Grondwater is van fundamenteel belang. Het is onze belangrijkste bron van drinkwater en heeft tal van andere toepassingen. We kunnen het dus maar beter op een slimme manier ontginnen. Daarvoor moeten we de ondergrond en zijn eigenschappen zo goed mogelijk kennen. Hiermee kunnen nauwkeurige grondwatermodellen gemaakt worden die ons toelaten op de meest geschikte locaties grondwater te ontginnen. Een recente studie toont aan dat twee nieuwe methodes deze grondeigenschappen sneller kunnen opmeten in een rivierbodem. Daarbij wordt elektrische stroom door een rivier gestuurd. Hoe kan elektriciteit voor vonken zorgen in grondwateronderzoek?

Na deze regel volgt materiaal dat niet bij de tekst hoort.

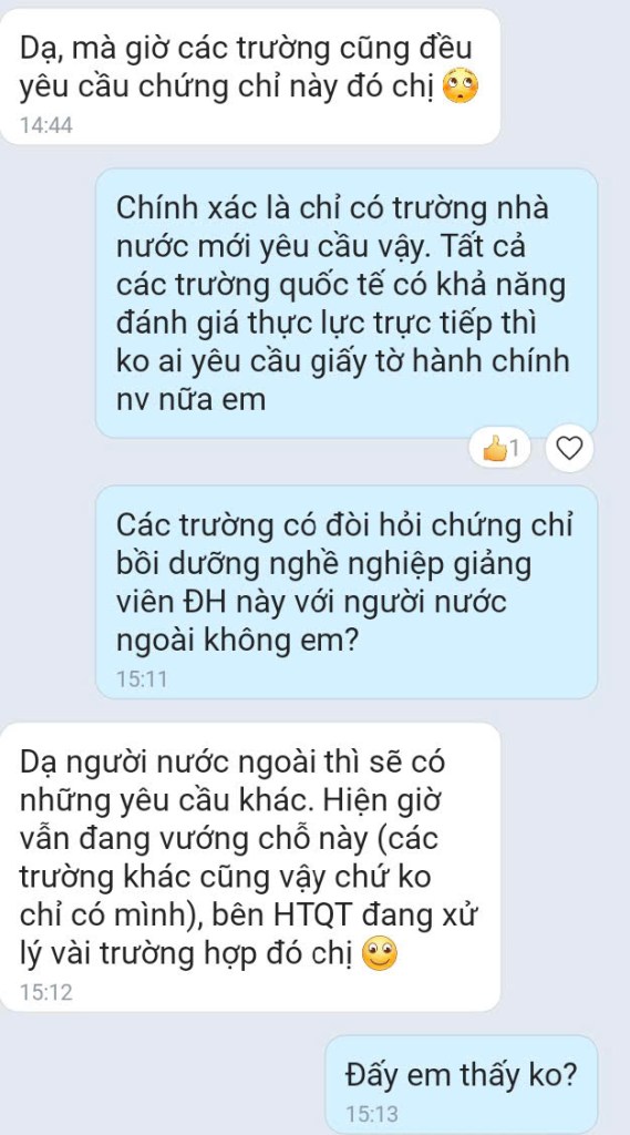 Một đồng nghiệp cũ ở trường ĐH nhắn tin hỏi mình có muốn đăng ký học lớp bồi dưỡng nghề nghiệp giảng viên đại học như là một tiêu chí bắt buộc cần có trong hồ sơ nếu muốn dạy ở các trường công. Mình đã từng bỏ không thèm lấy cái chứng chỉ đó khi biết nó chỉ mang tính hình thức, nên đây là câu trả lời của mình – trăm lần hỏi vẫn một câu trả lời đó: không có chuyện thỏa hiệp!

Voor geologen is het belangrijk te weten hoe snel water door de grond stroomt. Ze noemen dit de ‘doorlatendheid’ van de ondergrond. Ken je de doorlatendheid van de grond, dan kan je starten met het maken van een grondwatermodel. Hierin spelen ook rivieren een belangrijke rol. Ze vangen het grondwater op dat steeds in de richting van een rivier stroomt. Hoe rivierwater en grondwater met elkaar interageren is daarom een belangrijk deel van zo’n grondwatermodel. Daarvoor is het kennen van de doorlatendheid in een rivierbodem van essentieel belang. Alleen verandert die eigenschap over zo’n kleine afstanden dat er talloze metingen nodig zijn om een correct beeld te kunnen krijgen van de interactie tussen grond- en rivierwater. Met de gebruikelijke methodes om doorlatendheid in een rivierbodem te meten, kunnen slechts enkele punten in een klein gebied gemeten worden. Die meetpunten zijn zeer lokaal, de metingen duren erg lang en enkel ondiepe rivieren komen hiervoor in aanmerking. Daarom wordt steeds vaker gezocht naar alternatieve methodes.

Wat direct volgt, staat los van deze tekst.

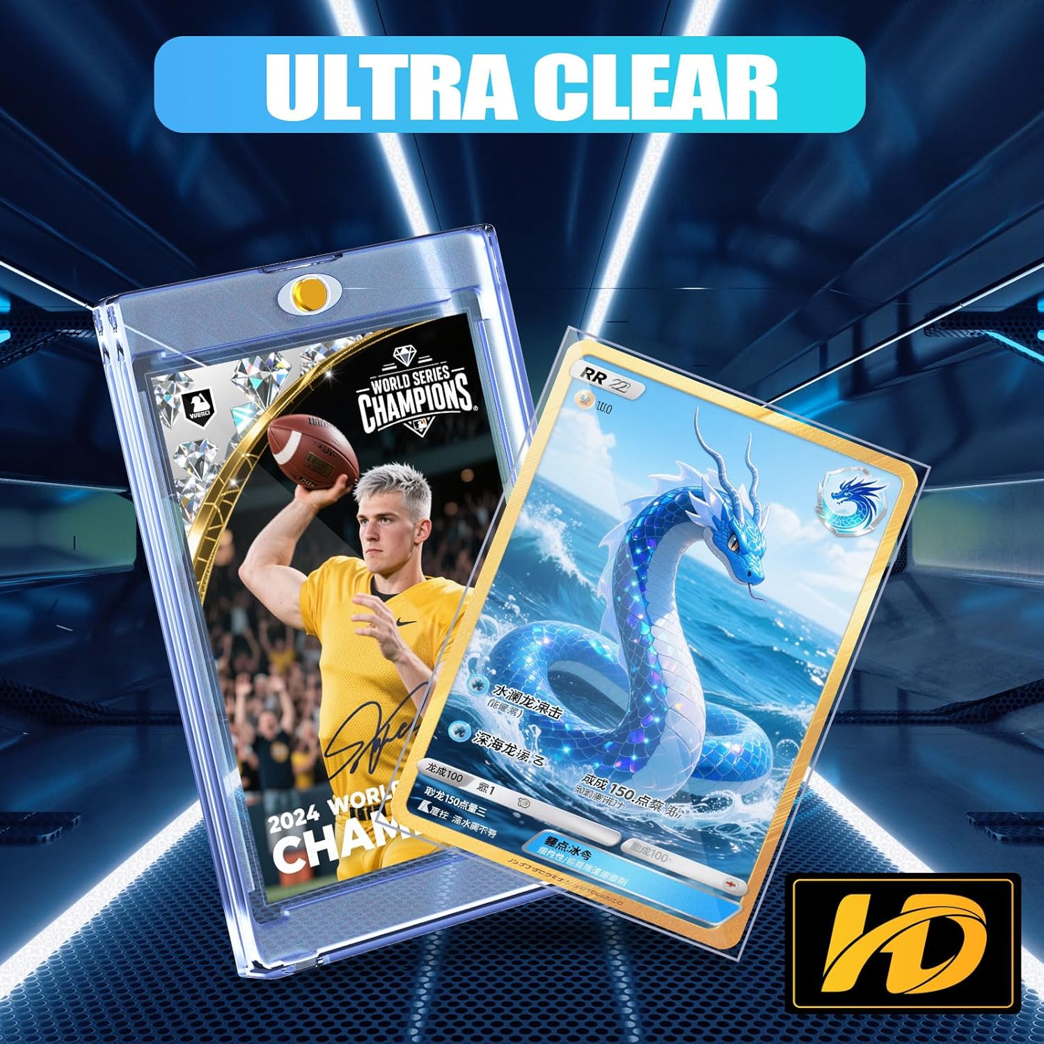 - Transparent Card Sleeves: Made of crystal clear PP material, thin yet durable, It allows for easy viewing of the cards without removing them from the protective sleeves. The transparent acrylic magnetic card holder enhances protection and display for your most valuable card. your cards will be displayed clearly in the card sleeves, convenient for you to insert and take out your trading cards.

Vanuit dat opzicht werden twee elektrische methodes getest op hun bruikbaarheid in rivieren. Deze methodes werken sneller, meten veel meer punten – en dat tot op grotere diepte – en zijn toepasbaar in ondiepe én diepe rivieren. Maar in tegenstelling tot de gebruikelijke methodes meten ze niet de doorlatendheid, maar elektrische eigenschappen van de bodem, zoals elektrische weerstand en elektrische oplaadbaarheid – de mate waarin sedimentkorrels elektrische stroom kunnen vasthouden.

Elektrodes drijven op het water en meten elektrische eigenschappen in de rivierbodem.

Bij een elektrische meting stuurt een elektrodepaar elektrische stroom door het water en de rivierbodem, en meet een tweede elektrodepaar een elektrisch signaal op. Uit zulke signalen worden elektrische eigenschappen van de bodem achterhaald.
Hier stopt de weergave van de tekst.